Son of Holocaust survivor Ernest Winter on confronting antisemitism and finding hope in Jesus
“That’s my Dad!” Daniel Winter was shocked to see the grainy image of his father in a video that had been given to him to watch. The film was about the atrocities of World War II and how Jewish children had been evacuated to safety in the “Kindertransport.”
“My father was born into a Jewish family in 1924. Growing up in Berlin as a boy and pre-teen was a very traumatic experience for him, as Jewish children were treated with contempt and as less than human.

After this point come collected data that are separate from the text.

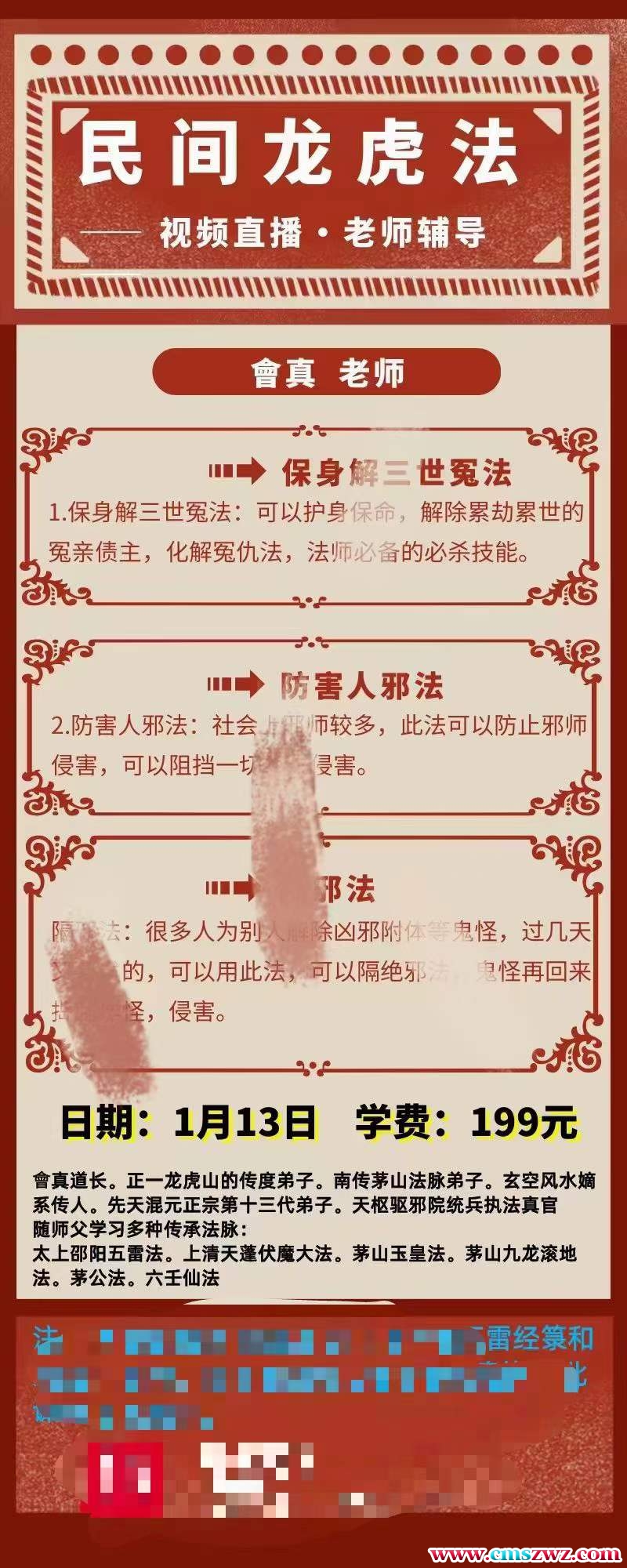 课程编号:D2311-31民间龙虎法段至灵会真老师讲解會真老师视频➕文档保身解三世冤法1.保身解三世冤法:可以护身保命,解除累劫累世的冤亲债主,化解冤仇法,法师必备的必杀技能。防害人邪法2.防害人邪法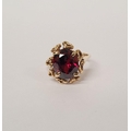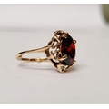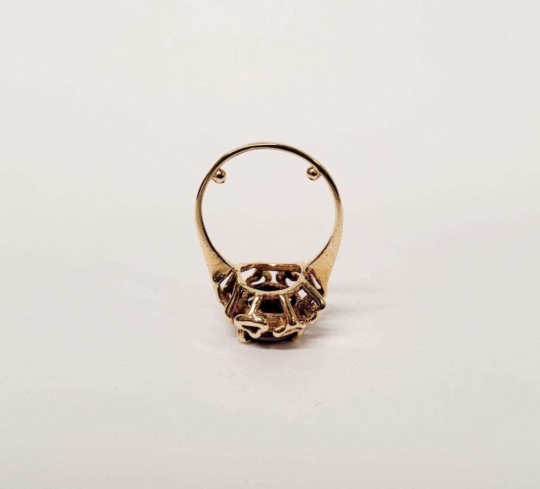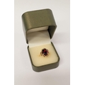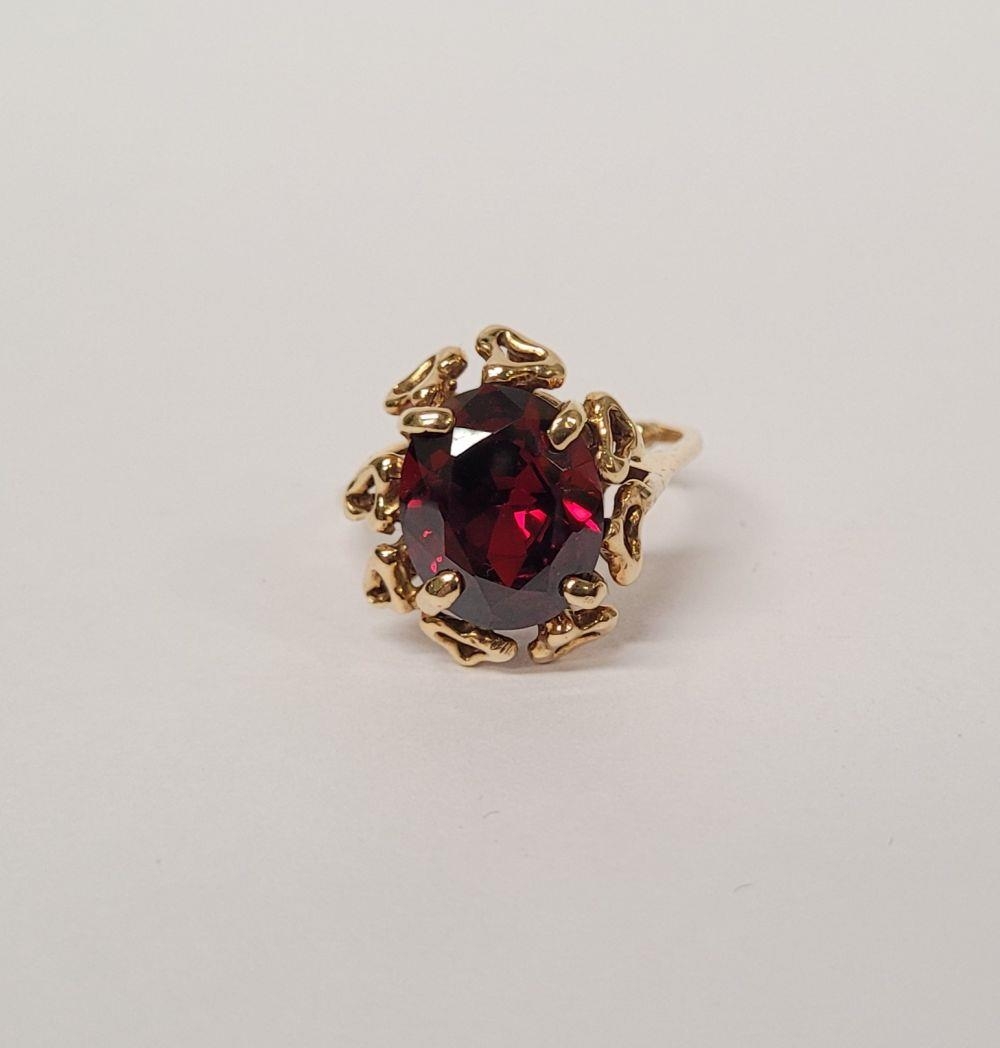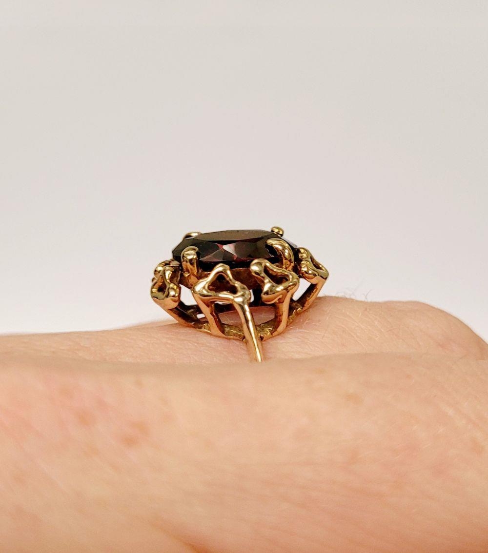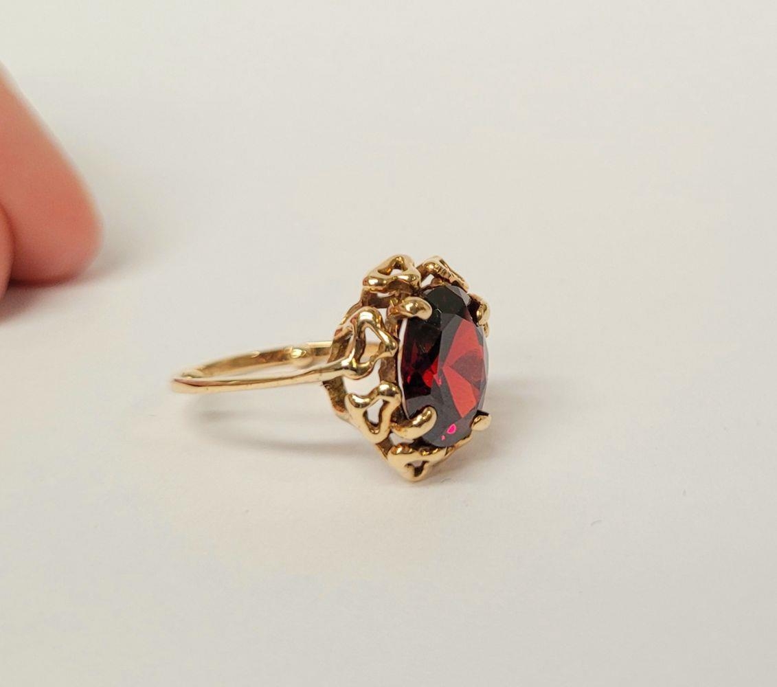 A BEAUTIFUL YELLOW GOLD & GARNET RING, with an open work edge that holds the large oval shaped garnet stone to the centre, the hallmarks are rubbed and there are re-size balls added at some stage that also seem to cover a hallmark. Possibly 9ct yellow gold. Ring size: K ½.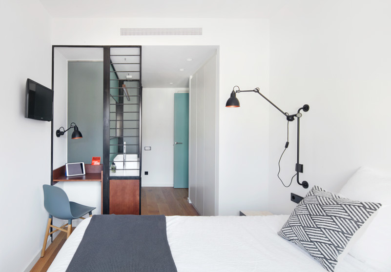 Por último, no se debe llenar la habitación de muebles y hay que procurar que haya proporción con la escala del espacio. Poco más que una mesita de noche blanca bastará. Finalmente, es buena idea añadir un toque personal; por ejemplo con un rincón de relax en el que haya un puf o una butaca.
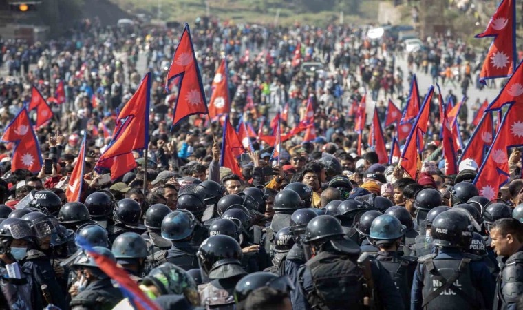 Nepal’de 2008 yılında son verilen monarşinin yeniden tesis edilmesini, anayasadan laiklik ibaresinin çıkarılmasını ve ülkenin yeniden “Hindu Devleti” olmasını isteyen binlerce kişi, başkent Katmandu’ya doğru yürüyüşe geçti. Nepal bayrağı taşıyan ve eski Kral Gyanendra yanlısı slogan atan göstericiler, Katmandu şehir merkezine doğru ilerlemeye çalıştı. Çevik kuvvet polisi ise göstericilere göz yaşartıcı gaz, tazyikli su ve copla müdahale etti. Tansiyon yükselirken, iki tarafta da yaralananlar oldu.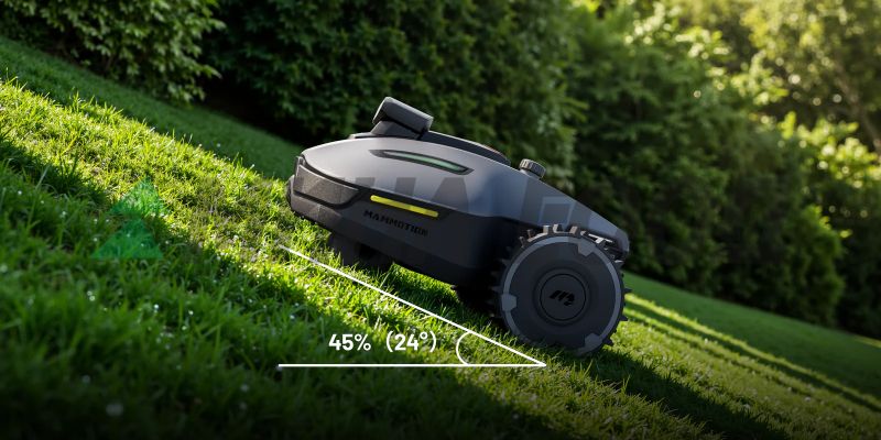 Робота за косене се справя с наклони до 45%, което означава, че е подходящ за 90% от стандартните дворове.

This was true especially when Goebbels started posting his propaganda against the Jews,” Winter told ALL ISRAEL NEWS. “He witnessed the horror of the Kristallnacht and was the only one in the Jewish Children’s Home that was rescued.”
The young Ernest Winter arrived in England in 1938. A famous photojournalist named Kurt Hutton snapped his picture in the middle of two other Jewish boys. According to Daniel Winter, that picture went on to be on a cover article in the Picture Post, “Their First Day in England” and was used to plaster the UK with appeals for the Jewish Refugee Fund. Tragically, his mother perished a short while later in Auschwitz.
Ernest Winter was taken in by a Christian widow named Mrs. Peterson. “She was very kind and for the first time, instead of being spat on and called, “Christ-killer,” she said, “You are blessed Ernest Winter, as you come from the same people as my Lord and Messiah.” It was the first time that he as a Jew had been treated kindly by a Christian,” Winter relayed.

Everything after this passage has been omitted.